Kondisi ini telah berlangsung selama lebih dari dua tahun dan sampai saat ini belum mendapat penanganan dari pihak PLN setempat.
Hidayat, salah satu tokoh masyarakat desa, menilai kabel-kabel listrik yang menjuntai rendah dan menggantung di antara rumah warga hingga bangunan SD Negeri 01 Lubuk Sanai, berpotensi besar membahayakan keselamatan.
Ia menyebut, beberapa kabel bahkan bersandar pada kandang ternak dan menyentuh tanah akibat tiang penyangga yang lapuk dan tidak sesuai standar keselamatan.
“Kami sudah menyampaikan persoalan ini ke Pemerintah Desa. Namun sampai sekarang belum terlihat tindakan nyata dari pihak PLN. Jangan sampai harus ada korban jiwa dulu baru masalah ini ditangani,” tegas Hidayat saat ditemui di lokasi.

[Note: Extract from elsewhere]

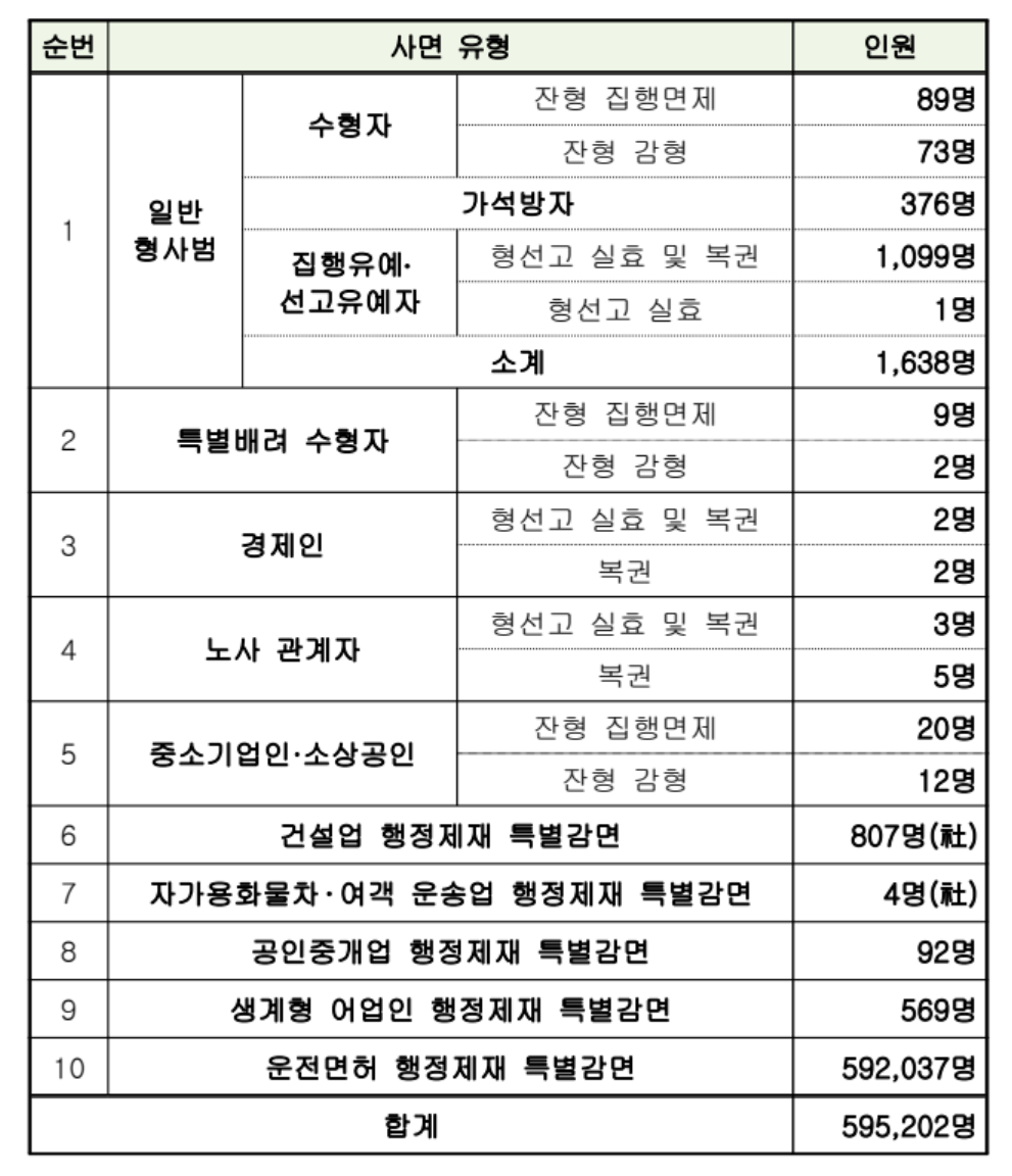 더불어 영업악화 등으로 범죄에 이른 중소기업인, 소상공인 32명, 살인·강도 등 강력사건을 제외한 재산범죄 위주의 일반형사범 1638명과 운전면허 취소자 등 행정제재 대상자 59만2037명도 특별감면 조치를 받았는데요, 정치인과 공직자는 배제됐습니다. 815광복절 음주운전 특별사면 (광복절 특사 명단 확정판)을 좀 더 자세히 알아보도록 하겠습니다.

Hidayat juga mengatakan bahwa kondisi tersebut semakin mengkhawatirkan saat jam istirahat anak-anak sekolah.
Banyak siswa yang bermain di sekitar area kabel tanpa mengetahui bahayanya.

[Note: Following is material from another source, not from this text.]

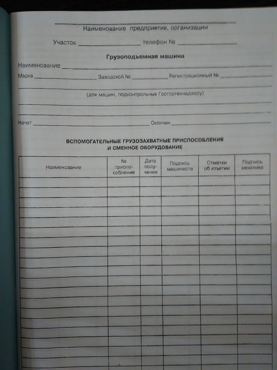 Журнал грузоподъемной машины
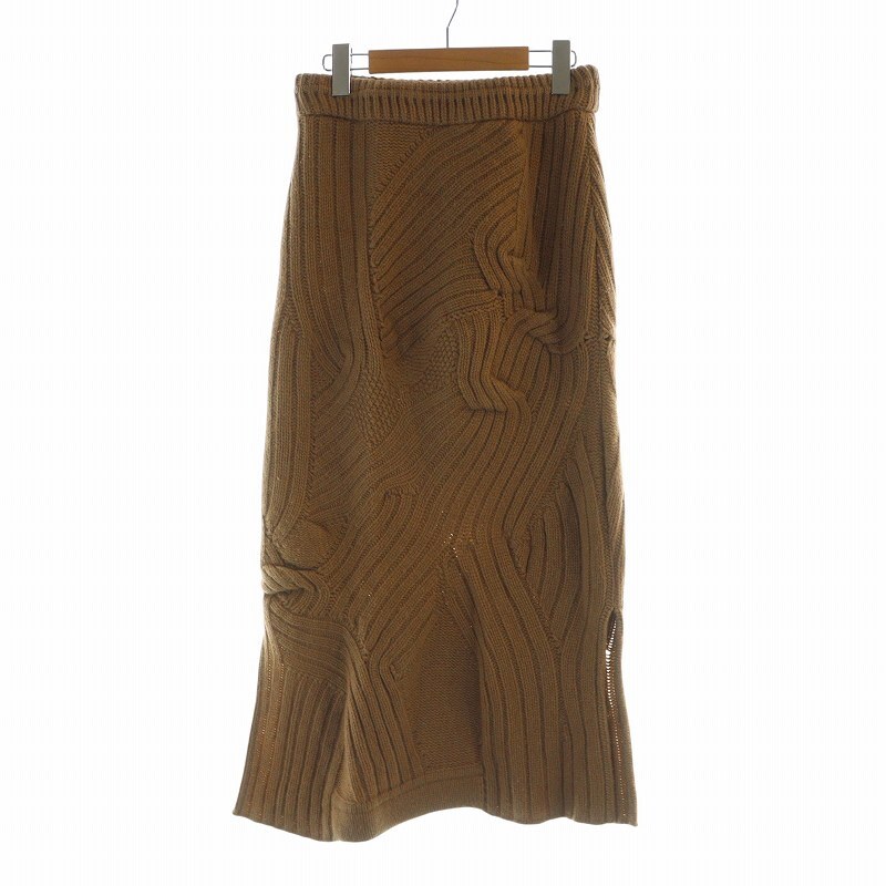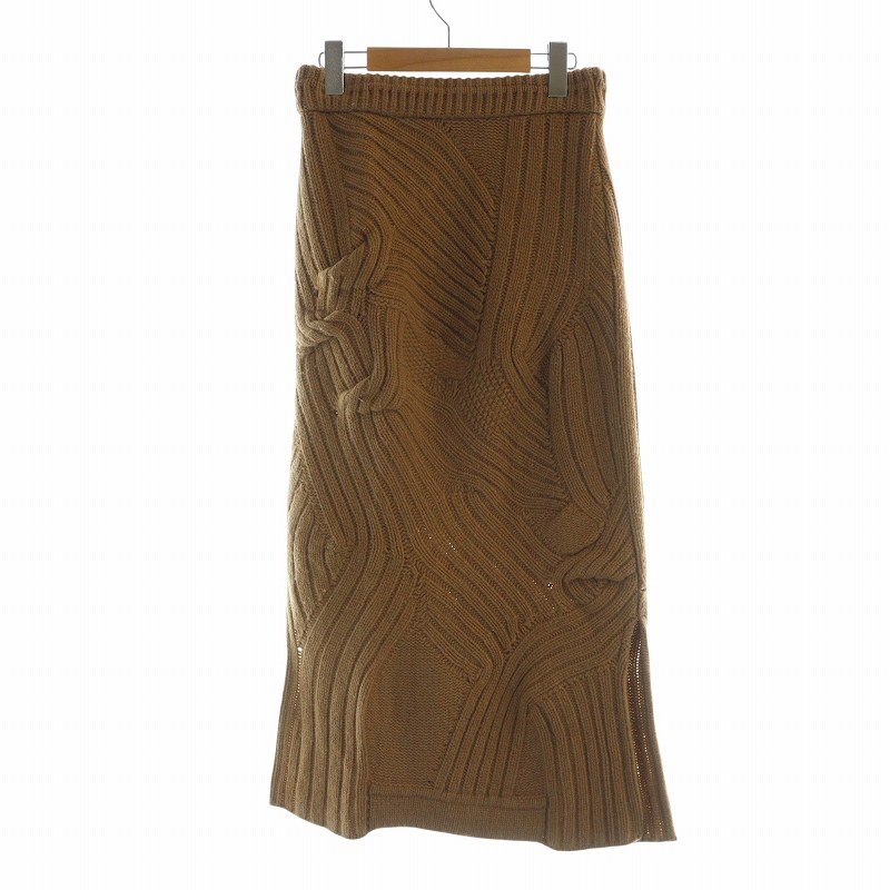 マメクロゴウチ Mame Kurogouchi 23FW Basket Motif Cable Stitch Knitted Skirt ニットスカート ロング ロゴ スリット 1 茶

Hal ini, menurutnya, menunjukkan bahwa masalah ini tidak bisa ditunda lebih lama.
Pemerintah Desa Lubuk Sanai mengaku telah menanggapi keluhan warga.
Mereka menyampaikan bahwa pihaknya sudah mengajukan permohonan resmi kepada PLN Mukomuko agar segera membangun tiang listrik yang sesuai standar.
Namun hingga akhir Mei ini, permohonan tersebut belum membuahkan hasil.
“Kami sudah kirim proposal ke PLN. Permintaan ini tidak hanya soal estetika, tapi soal keselamatan. Kami pun tidak tahu kenapa belum ada tindak lanjut dari mereka,” kata salah satu perangkat desa.
Warga berharap pemerintah daerah dan wakil rakyat di DPRD Mukomuko bisa mengambil langkah konkret.
Mereka meminta agar pihak terkait segera turun tangan dan memastikan jaringan listrik di wilayah mereka aman, terutama bagi anak-anak sekolah dan lebih dari 20 kepala keluarga yang terdampak.
“Kami hanya ingin hidup tenang dan aman. Ini soal nyawa. Jangan tunggu korban dulu baru ada gerakan,” ujar Hidayat menutup pernyataannya.